Further, in such a manual coating process, it is difficult to accurately separate the portion where the resin material layer 108 is coated and the portion where the resin material layer 108 is not coated, and therefore soldering to terminals having a narrow pitch is required. The work becomes extremely difficult.

Therefore, according to the conventional method, the solder resist ink 111 cannot be accurately applied to the terminal surface connected to the land portion, and the adhesion of the resin material having good solder resist property is achieved. However, the quality of the finished product may vary.

Therefore, it is an object of the present invention to provide a method of manufacturing a printed wiring board which is excellent in mass productivity by improving the efficiency of soldering work.

[0021]

In order to solve the above-mentioned problems, a method for manufacturing a printed wiring board according to the present invention provides a method in which a plurality of electronic components are exposed to ultraviolet light in a state where these electronic components are stored in a storage member. A step of applying a resin material having a solder resist property of both curing and heat curing type, a step of curing the resin material, and a step of cleaning the resin material attached to at least the surface of the terminal of the electronic component connected to the land portion. And a step of forming a layer of a resin material having a solder resist property on the back surface side of the wiring circuit pattern facing surface of at least a portion other than the tip side of the terminal of the electronic component.

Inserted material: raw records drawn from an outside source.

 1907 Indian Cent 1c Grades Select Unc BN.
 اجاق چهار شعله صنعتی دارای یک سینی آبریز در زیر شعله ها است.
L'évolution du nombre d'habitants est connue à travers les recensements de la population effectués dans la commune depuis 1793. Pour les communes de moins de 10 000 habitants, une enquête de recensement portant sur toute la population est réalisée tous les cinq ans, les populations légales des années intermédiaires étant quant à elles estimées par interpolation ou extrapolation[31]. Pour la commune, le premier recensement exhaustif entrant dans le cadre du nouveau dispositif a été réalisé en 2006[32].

Therefore, in the method of manufacturing a printed wiring board, the terminals of an electronic component having a plurality of terminals formed adjacent to each other are soldered to the lands of the wiring circuit pattern of the printed board. For example, the resin material is applied to a plurality of electronic components at once.

Here, the step of applying the resin material is as follows.
This resin material can be sprayed and sprayed, the housing member can be immersed in a dipping container filled with the resin material, and the housing member can be moved in a substantially horizontal direction in the moving direction. On the other hand, it is preferable to flow the resin material from above.

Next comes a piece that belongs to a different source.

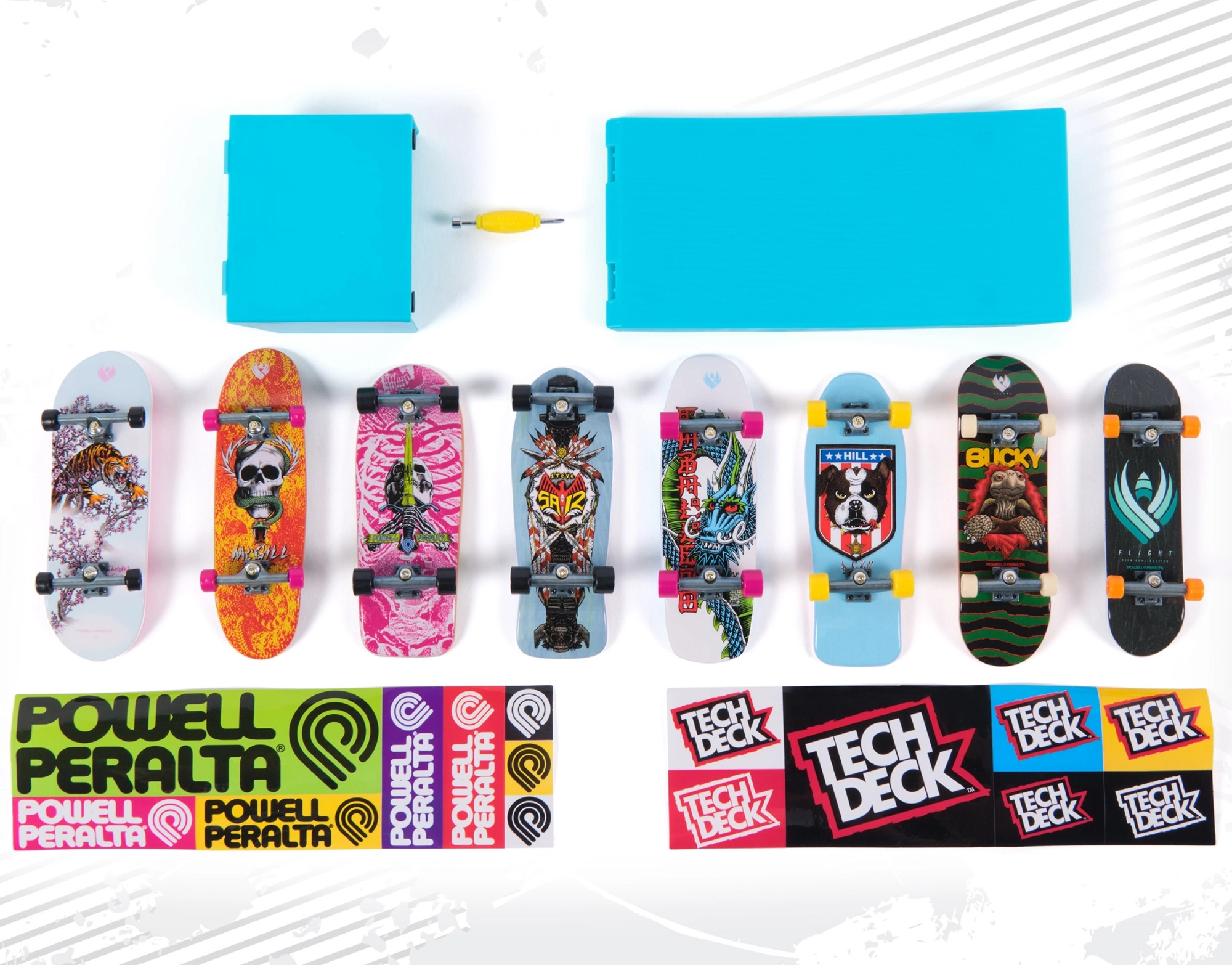 Rinkinyje taip pat yra surinkimo įrankis, lipdukai ir priedai dar geresniam pritaikymui. Fingerboardai puikiai tinka ir pradedantiesiems, ir pažengusiems – treniruokitės ollie, kickflip ir kitus triukus bet kada ir bet kur.

Then, next, the terminals are brought into contact with a plurality of lands of the printed circuit pattern of the printed circuit board to position the electronic parts with respect to the printed circuit board, and molten solder is supplied between the terminals and the lands. Rather than soldering the terminals to the lands, the resin material having solder resisting properties can be adhered, and good solder heat resistance can be obtained.

Then, it is preferable to dispose a mask covering a predetermined portion on the back surface side of the wiring circuit pattern facing surface of the electronic component to cure the resin material.

By irradiating ultraviolet rays with such a mask arranged, it is possible to accurately separate a plurality of electronic parts from a portion where the resin material is coated and a portion where the resin material is not coated.

[0027]

DETAILED DESCRIPTION OF THE PREFERRED EMBODIMENTS Specific embodiments of the present invention will be described in detail below with reference to the drawings.

First, the electronic parts to be soldered are shown in FIG.
As shown in FIG. 1, for example, it is a flat package IC chip, and a plurality of terminals (FIG.
Only one terminal 3 is shown inside. ) Are formed adjacent to each other, which is an example of so-called QFP. The pitch between multiple terminals of this QFP is 1.0 mm
Is about 0.65 mm.

The terminal 3 has a step-like so-called gull wing shape having one step, and one base end side portion 3a forming the first step is an electrical lead wire from the chip portion 2. And functions as a support part to form a second stage,
The other tip side portion 3b functions as a connecting portion to the land portion 6. It should be noted that due to this step, the chip portion 2 is supported with a predetermined distance from the printed circuit board 5.

Next, Examples 1 to 3 of a method of mounting the electronic component 1 on a printed circuit board will be described. Here, an example of mounting the electronic component 1 together with an insertion component and using flow soldering will be described.

Embodiment 1 Usually, an electronic component 1 which is a flat package IC chip
Are stored in a pallet having an outer size of 170 mm × 330 mm. Therefore, in the present embodiment, as shown in FIG. 2, the electronic components 1 stored in this pallet are transferred to a carrying jig 9 which is a storage member having a larger outer size than this pallet.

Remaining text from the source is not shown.